Star Tribune - 1/23/2018

Jan. 23--Three convicted rapists are suing the city of Dayton over an ordinance that virtually bans them from the city, arguing that the measure violates their Constitutional rights and is trumped by state law.

The men are challenging a far-reaching 2016 ordinance that bars convicted sex offenders from living within 2,000 feet of any school, day care center, park, playground, public bus stop -- or even pumpkin patch and apple orchard -- within the city of Dayton, a rural community of about 5,000 residents northwest of the Twin Cities.

Their suit argues that, because of the ordinance, the three offenders remain unjustly confined at the Minnesota Sex Offender Program (MSOP) facility in St. Peter -- more than a year after they were cleared for conditional release to a group home in Dayton. The lawsuit was filed this month in Hennepin County District Court.

The lawsuit is among the first legal challenges in Minnesota to residency restrictions against sex offenders, and could determine the fate of dozens of similar measures across the state. More than 40 localities have enacted such ordinances in just the last two years, amid a growing local backlash against state efforts to return sex offenders to the community.

The restrictions have created a dilemma for the state agency that oversees the MSOP, which is under legal pressure to release more offenders but is running out of community facilities where they can send them. A total of 12 offenders have been approved for conditional release from the program, but remain stuck at the program's treatment facilities as a large and growing swath of the state becomes off-limits to sex offenders.

"The current situation is untenable," said Eric Janus, a professor at Mitchell Hamline School of Law and author of a book on sex offender laws. "These former offenders are entitled to be released, yet they continue to be held, by local actions that are subverting state law."

Tim McNeil, the mayor of Dayton, said Tuesday that the city "intends to defend the ordinance to the extent that we can," but declined to comment further.

The push to enact such ordinances has intensified since the summer of 2015, when U.S. District Judge Donovan Frank ruled that the state's sex offender program was unconstitutional and ordered sweeping changes.
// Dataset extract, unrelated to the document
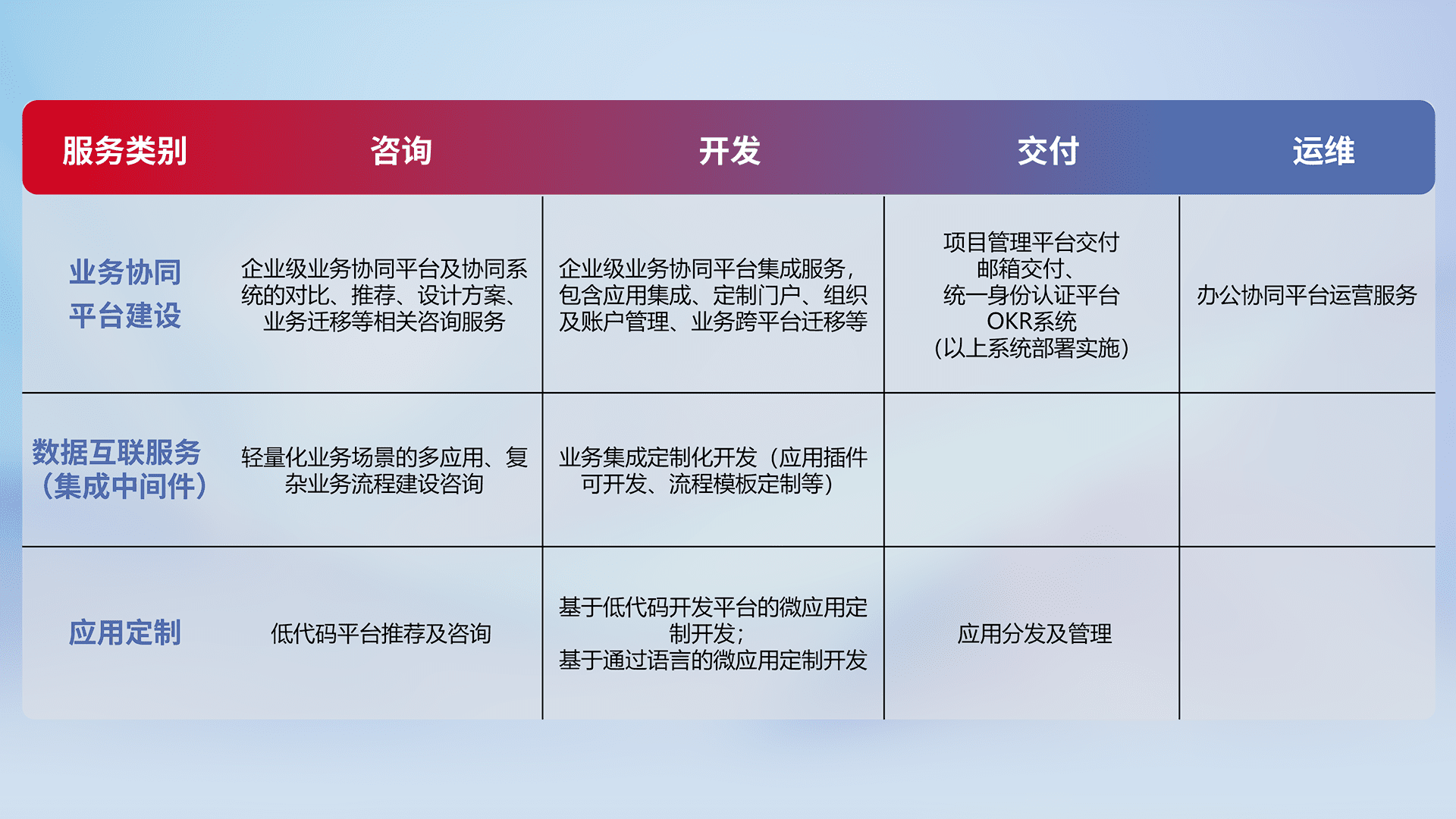 针对钉钉、、企微、、、IDaas等平台级产品提供产品的规划、、、、方案、、、交付、、定制化开发等服务,,实现如统一协同办公、、智能客户服务、、、、混合会议管理、、、智能数据查询、、等业务场景,,实现数字化转型。。。。

While that ruling was overturned by a higher court, the state has been under pressure to show that it operates a viable treatment program and not simply confining them indefinitely as punishment.

In response, local governments rushed to pass residency restrictions before offenders moved into their communities. There are now a total of 85 communities in Minnesota with such restrictions, up from 44 in September 2016, according to the Minnesota Association for the Treatment of Sexual Abusers.

The ordinance passed by the Dayton City Council in October 2016 is unusually broad. Its long list of areas identified as off-limits to convicted sex offenders includes athletic fields, ice skating facilities, bowling alleys, dance academies and public libraries. The ordinance also bans offenders from distributing candy on Halloween, and makes it illegal for them to "leave an exterior porch light on" to attract trick-or-treaters.

Attorneys for the offenders argue that the ordinance is superseded by Minnesota's sex offender law, which regulates how and when a person civilly committed as a sex offender should be returned to the community. Under the law, offenders have a right to petition for release; and state panels have the sole authority to approve or reject them, according to the suit.

"These are individuals who have served their criminal sentences, and that professionals have determined are safe to return to the community in a limited setting," said Andrew Holly, a partner with the Minneapolis law firm Dorsey & Whitney LLP, which brought the suit. "By restricting them from living in the normal world, [the city of Dayton] is making it impossible to follow court orders and the appropriate state rules and regulations."